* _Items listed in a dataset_
"""
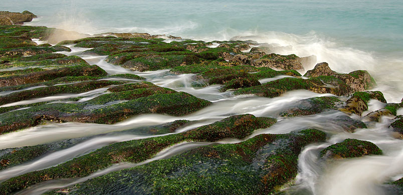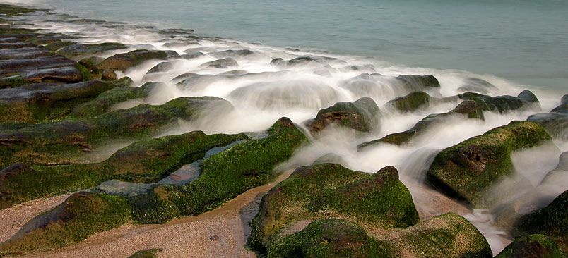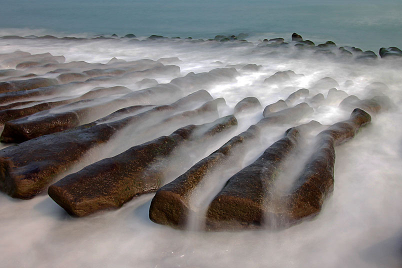 使用慢速快門,讓一大片原本看起來洶湧澎湃衝擊的畫
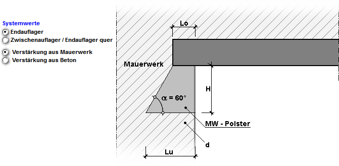 • beim Betonpolster kann zwischen 45° und 60° Lastausbreitung gewählt werden
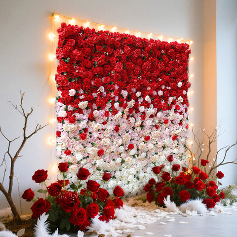 Superventas telón de fondo de boda flores artificiales pared Tropical cortina enrollable tela de seda Pared de flores
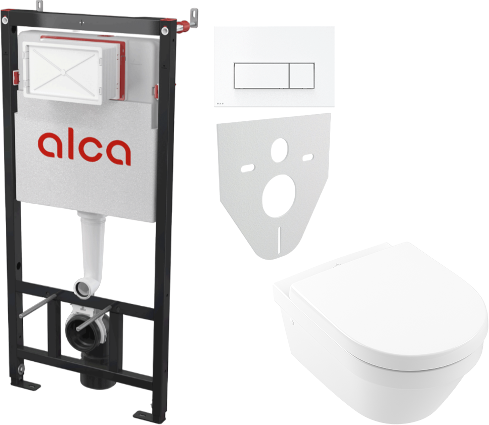 Подвесной унитаз Villeroy & Boch Architectura 4694HR01 в комплекте с инсталляцией AlcaPlast AM101/1120-4:1 RU M570-0001 – это идеальное решение для тех, кто ценит современный дизайн, надёжность и удобство в использовании. Благодаря своей конструкции, унитаз обеспечивает не только эстетически привлекательный вид, но и максимальную функциональность.Инсталляция AlcaPlast AM101/1120-4:1 RU M570-0001 отличается продуманной системой регулировки, которая позволяет адаптировать её под различные условия монтажа. Регулируемые выдвижные ножки в диапазоне 0–20 см с тормозной системой обеспечивают устойчивость и надёжность конструкции. Конструкция рамы позволяет производить монтаж к профилю для гипсокартона или к несущей стене, что делает установку простой и удобной.Бачок унитаза изготовлен из одного фрагмента полипропилена, что гарантирует его 100% герметичность. Крышка сервисного отверстия упрощает процесс монтажа и защищает от влаги и грязи. Конструкция полистирольной изоляции предотвращает конденсацию на поверхности бачка и ослабляет вибрацию в строительной конструкции.Унитаз оснащён двойным смывом, независимо регулируемым, с гигиеническим резервом. Это позволяет экономить воду и обеспечивает эффективное очищение. Подходит для установки пневматического или сенсорного смыва, совместима со всеми кнопками управления Alca. Возможность сервиса без использования инструментов делает обслуживание унитаза ещё более удобным.Угловой вентиль с возможностью подключения к системе трубопроводов Mepla обеспечивает лёгкость интеграции в существующую водопроводную систему. Конструкция также предусматривает возможность установки кронштейна с переходом DG 1/2" для подключения сиденья-биде или бидетты.Монтажная глубина рукава регулируется в диапазоне 2–9,5 см, что обеспечивает гибкость при установке. Материал несущей конструкции – металл, обработанный порошковой краской, гарантирует долговечность и устойчивость к коррозии. Несущая способность конструкции составляет 400 кг, а рабочий диапазон давления воды – от 0,05 до 1,6 МРа. Рекомендуемый диапазон давления воды – от 0,03 до 0,5 МРа.
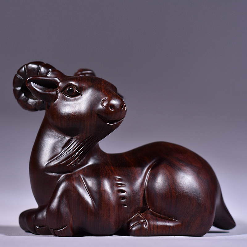黑檀木雕羊摆件三合十二生肖木质羊工艺品红木家居客厅属羊装饰品
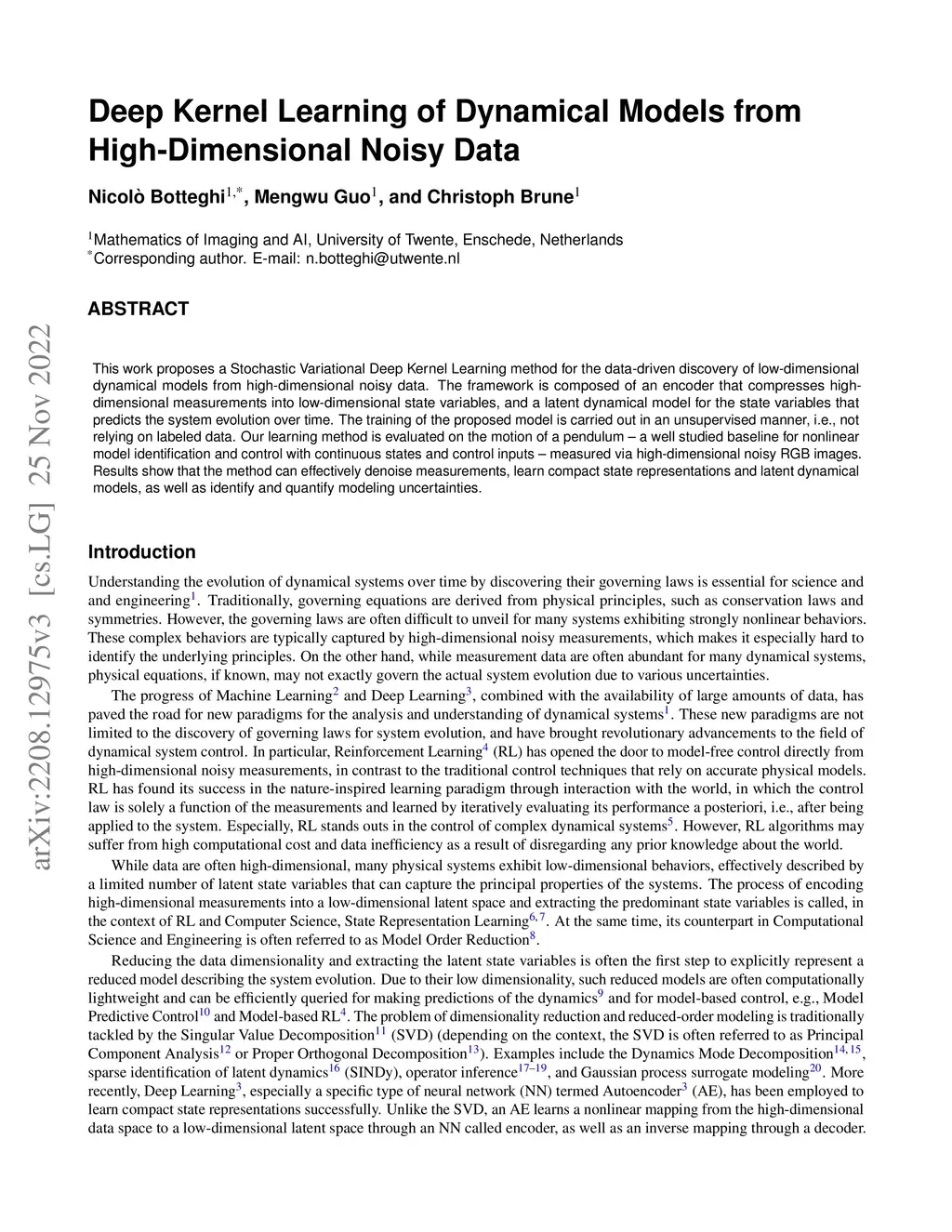 This work proposes a Stochastic Variational Deep Kernel Learning method for the data-driven discovery of low-dimensional dynamical models from high-dimensional noisy data. The framework is composed of an encoder that compresses high-dimensional measurements into low-dimensional state variables, and a latent dynamical model for the state variables that predicts the system evolution over time. The training of the proposed model is carried out in an unsupervised manner, i.e., not relying on labeled data. Our learning method is evaluated on the motion of a pendulum -- a well studied baseline for nonlinear model identification and control with continuous states and control inputs -- measured via high-dimensional noisy RGB images. Results show that the method can effectively denoise measurements, learn compact state representations and latent dynamical models, as well as identify and quantify modeling uncertainties.
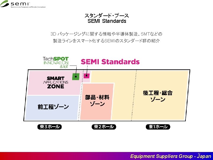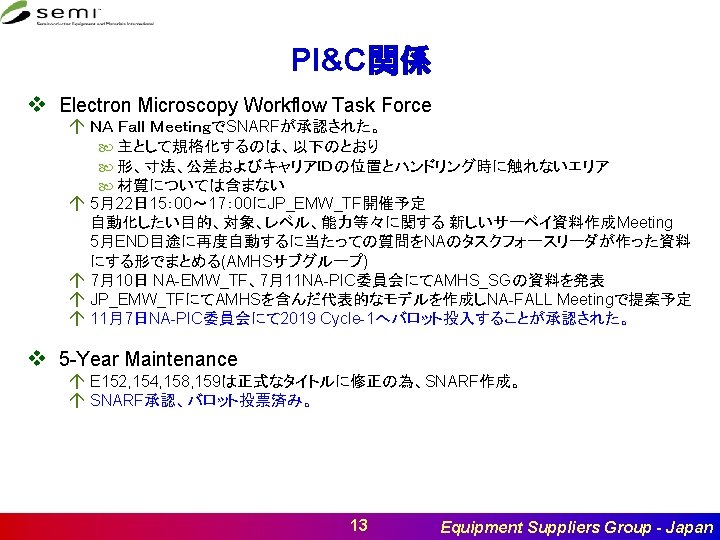 Next Meeting v 次回: 2019年 1月29日(火) 14: 30 -17: 00 v 場所: SEMIジャパン Room 2 á EQ SG á AMHS SG 13: 30 -14: 30 @Room 3 13: 30 -14: 30 @Room 2 v 目的: á スタンダード状況 PI&C関連 Automation Technology関連 HB-LED and 3 DS-IC その他(あれば) á Flow Master Forum á 業界の状況 41 Equipment Suppliers Group - Japan
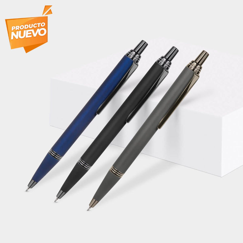 Bolígrafo metálico doble acabado mate en el cuerpo y detalles cromados. Mecanismo pulsador.
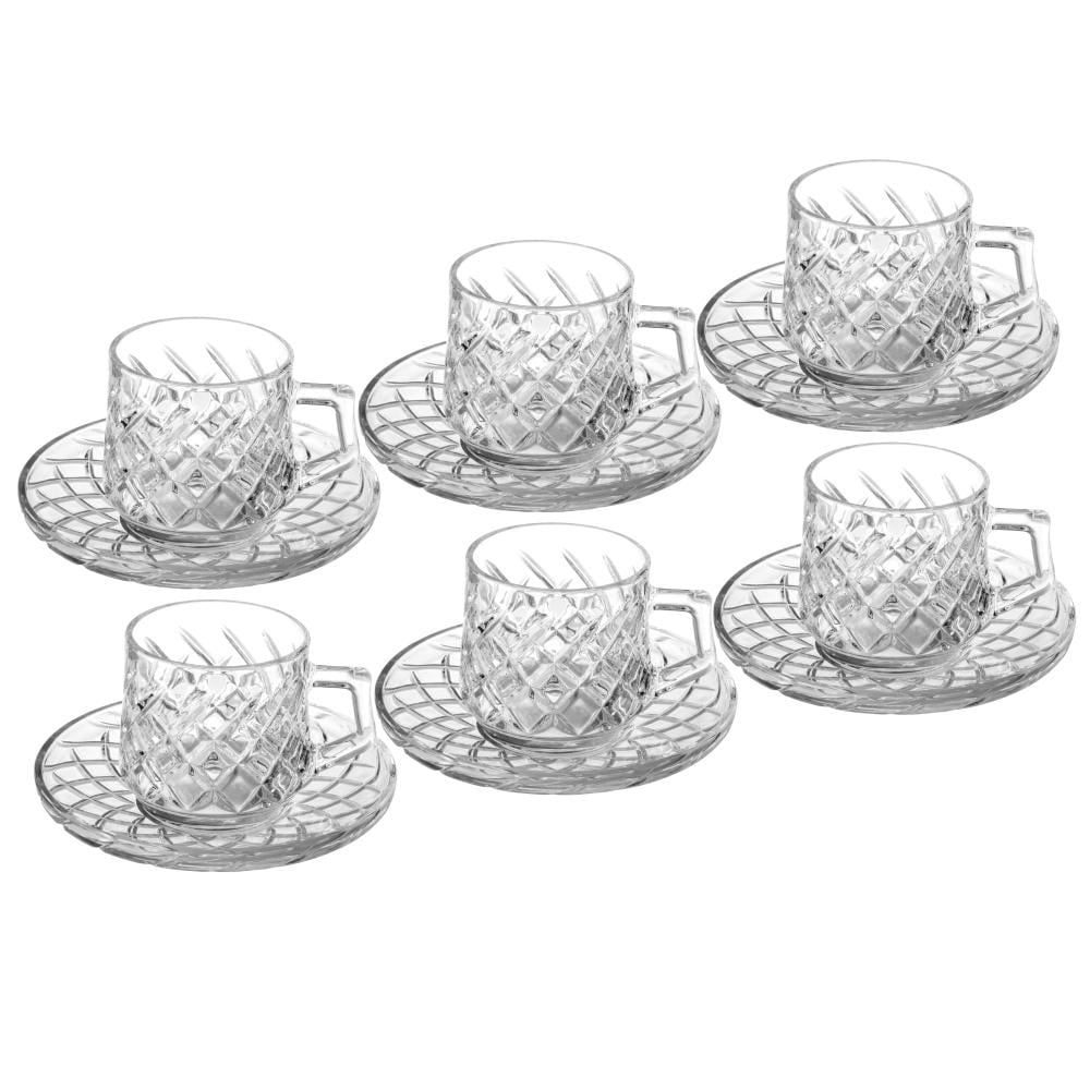 طقم اكواب شاي زجاج محفور بتصميم انيق ومميز 6 اشخاص 12 قطعة 185 مل
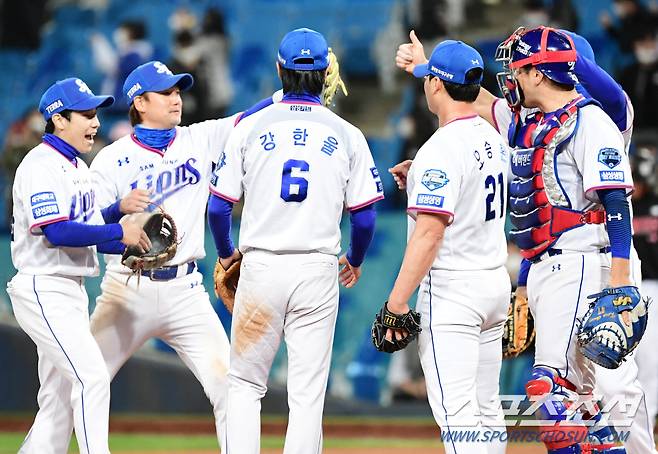 22일 대구 삼성라이온즈파크에서 KBO리그 삼성과 KT의 경기가 열렸다. 삼성이 KT에 4대 2로 승리했다. 경기 종료 후 승리의 기쁨을 나누고 있는 삼성 선수들. 대구=송정헌 기자 songs@sportschosun.com/2021.10.22/
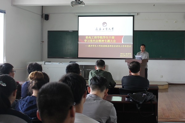 在四楼学生工作会议室召开“学生干部学习党代会精神专题大会暨提升学生工作优质服务理念宣讲及工作布置会”。学生工作办公室全体人员,全体学生党员、主要学生干部参加了会议。
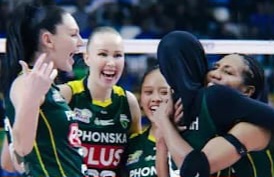 Sebuah spike tajam Annie Mitchem memastikan kemenangan Phonska Plus di set keempat dengan skor 25-19.
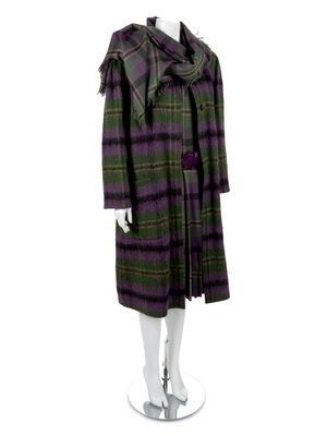 Adele Simpson Purple Tartan Wool Coat, Dress, Belt, Scarf, 1980s
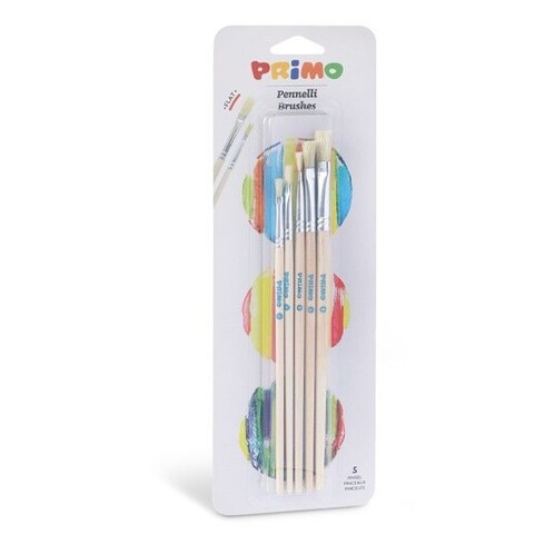 Blister mit 5 flachen Pinseln aus Borstenhaar.
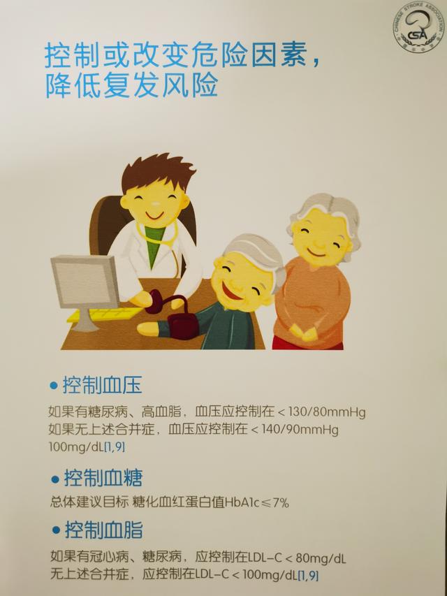 按时服用口服药,定期监测血糖、血压情况,要管住嘴、迈开腿。高危人群定期筛查心脏病、颈动脉斑块等卒中高危因素。
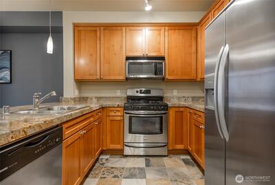 Welcome to The Approach in the heart of Newcastle! Pristine, open-concept 1Br/1Bath offers spacious dining and living area, 9 foot ceilings, cozy fireplace, ample kitchen with granite counter tops, S/S appliances, breakfast bar and in-unit washer/dryer. Good size bedroom has plenty of closet space and well-appointed bathroom. Two assigned parking spaces (1 in secured garage & 1 uncovered) Enjoy the entertainment-ready balcony and take in the territorial views. Secured building features inviting lobby & furnished courtyard. Phenomenal location within walking distance to shopping, restaurants and just moments to golf club, area trails, YMCA & parks. Easy access to I-90, 405, SeaTac Airport, Bellevue. No Rental Cap! Issaquah Schools.
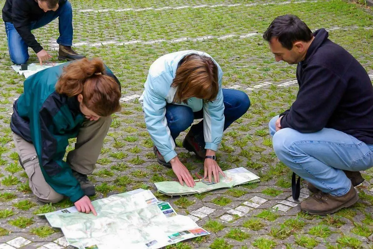 Drei Personen studieren Karten auf dem Boden in einer gepflasterten Umgebung
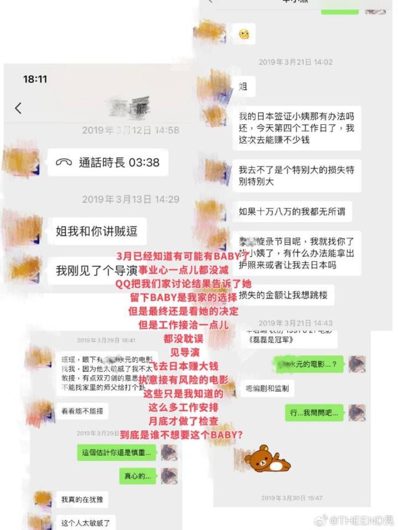 5) 關于男女關系的爭議,女方錘男方逼迫打胎,女方公開的病例單上(3月31日)顯示至少一個月才可以墮胎,但在未滿一月時(4月25日),女方出現需要衛生巾的情況,且在未滿一月時,女方進武打戲組擔任女二角色,對女方打胎事件存疑。
"""
* _DIRECTIONS_
Return the entries exactly as given. Do not include pictures.

* _WRITTEN RESPONSE_
 使用慢速快門,讓一大片原本看起來洶湧澎湃衝擊的畫
 • beim Betonpolster kann zwischen 45° und 60° Lastausbreitung gewählt werden
 Superventas telón de fondo de boda flores artificiales pared Tropical cortina enrollable tela de seda Pared de flores
 Подвесной унитаз Villeroy & Boch Architectura 4694HR01 в комплекте с инсталляцией AlcaPlast AM101/1120-4:1 RU M570-0001 – это идеальное решение для тех, кто ценит современный дизайн, надёжность и удобство в использовании. Благодаря своей конструкции, унитаз обеспечивает не только эстетически привлекательный вид, но и максимальную функциональность.Инсталляция AlcaPlast AM101/1120-4:1 RU M570-0001 отличается продуманной системой регулировки, которая позволяет адаптировать её под различные условия монтажа. Регулируемые выдвижные ножки в диапазоне 0–20 см с тормозной системой обеспечивают устойчивость и надёжность конструкции. Конструкция рамы позволяет производить монтаж к профилю для гипсокартона или к несущей стене, что делает установку простой и удобной.Бачок унитаза изготовлен из одного фрагмента полипропилена, что гарантирует его 100% герметичность. Крышка сервисного отверстия упрощает процесс монтажа и защищает от влаги и грязи. Конструкция полистирольной изоляции предотвращает конденсацию на поверхности бачка и ослабляет вибрацию в строительной конструкции.Унитаз оснащён двойным смывом, независимо регулируемым, с гигиеническим резервом. Это позволяет экономить воду и обеспечивает эффективное очищение. Подходит для установки пневматического или сенсорного смыва, совместима со всеми кнопками управления Alca. Возможность сервиса без использования инструментов делает обслуживание унитаза ещё более удобным.Угловой вентиль с возможностью подключения к системе трубопроводов Mepla обеспечивает лёгкость интеграции в существующую водопроводную систему. Конструкция также предусматривает возможность установки кронштейна с переходом DG 1/2" для подключения сиденья-биде или бидетты.Монтажная глубина рукава регулируется в диапазоне 2–9,5 см, что обеспечивает гибкость при установке. Материал несущей конструкции – металл, обработанный порошковой краской, гарантирует долговечность и устойчивость к коррозии. Несущая способность конструкции составляет 400 кг, а рабочий диапазон давления воды – от 0,05 до 1,6 МРа. Рекомендуемый диапазон давления воды – от 0,03 до 0,5 МРа.
黑檀木雕羊摆件三合十二生肖木质羊工艺品红木家居客厅属羊装饰品
 This work proposes a Stochastic Variational Deep Kernel Learning method for the data-driven discovery of low-dimensional dynamical models from high-dimensional noisy data. The framework is composed of an encoder that compresses high-dimensional measurements into low-dimensional state variables, and a latent dynamical model for the state variables that predicts the system evolution over time. The training of the proposed model is carried out in an unsupervised manner, i.e., not relying on labeled data. Our learning method is evaluated on the motion of a pendulum -- a well studied baseline for nonlinear model identification and control with continuous states and control inputs -- measured via high-dimensional noisy RGB images. Results show that the method can effectively denoise measurements, learn compact state representations and latent dynamical models, as well as identify and quantify modeling uncertainties.
 Next Meeting v 次回: 2019年 1月29日(火) 14: 30 -17: 00 v 場所: SEMIジャパン Room 2 á EQ SG á AMHS SG 13: 30 -14: 30 @Room 3 13: 30 -14: 30 @Room 2 v 目的: á スタンダード状況 PI&C関連 Automation Technology関連 HB-LED and 3 DS-IC その他(あれば) á Flow Master Forum á 業界の状況 41 Equipment Suppliers Group - Japan
 Bolígrafo metálico doble acabado mate en el cuerpo y detalles cromados. Mecanismo pulsador.
 طقم اكواب شاي زجاج محفور بتصميم انيق ومميز 6 اشخاص 12 قطعة 185 مل
 22일 대구 삼성라이온즈파크에서 KBO리그 삼성과 KT의 경기가 열렸다. 삼성이 KT에 4대 2로 승리했다. 경기 종료 후 승리의 기쁨을 나누고 있는 삼성 선수들. 대구=송정헌 기자 songs@sportschosun.com/2021.10.22/
 在四楼学生工作会议室召开“学生干部学习党代会精神专题大会暨提升学生工作优质服务理念宣讲及工作布置会”。学生工作办公室全体人员,全体学生党员、主要学生干部参加了会议。
 Sebuah spike tajam Annie Mitchem memastikan kemenangan Phonska Plus di set keempat dengan skor 25-19.
 Adele Simpson Purple Tartan Wool Coat, Dress, Belt, Scarf, 1980s
 Blister mit 5 flachen Pinseln aus Borstenhaar.
 按时服用口服药,定期监测血糖、血压情况,要管住嘴、迈开腿。高危人群定期筛查心脏病、颈动脉斑块等卒中高危因素。
 Welcome to The Approach in the heart of Newcastle! Pristine, open-concept 1Br/1Bath offers spacious dining and living area, 9 foot ceilings, cozy fireplace, ample kitchen with granite counter tops, S/S appliances, breakfast bar and in-unit washer/dryer. Good size bedroom has plenty of closet space and well-appointed bathroom. Two assigned parking spaces (1 in secured garage & 1 uncovered) Enjoy the entertainment-ready balcony and take in the territorial views. Secured building features inviting lobby & furnished courtyard. Phenomenal location within walking distance to shopping, restaurants and just moments to golf club, area trails, YMCA & parks. Easy access to I-90, 405, SeaTac Airport, Bellevue. No Rental Cap! Issaquah Schools.
 Drei Personen studieren Karten auf dem Boden in einer gepflasterten Umgebung
 5) 關于男女關系的爭議,女方錘男方逼迫打胎,女方公開的病例單上(3月31日)顯示至少一個月才可以墮胎,但在未滿一月時(4月25日),女方出現需要衛生巾的情況,且在未滿一月時,女方進武打戲組擔任女二角色,對女方打胎事件存疑。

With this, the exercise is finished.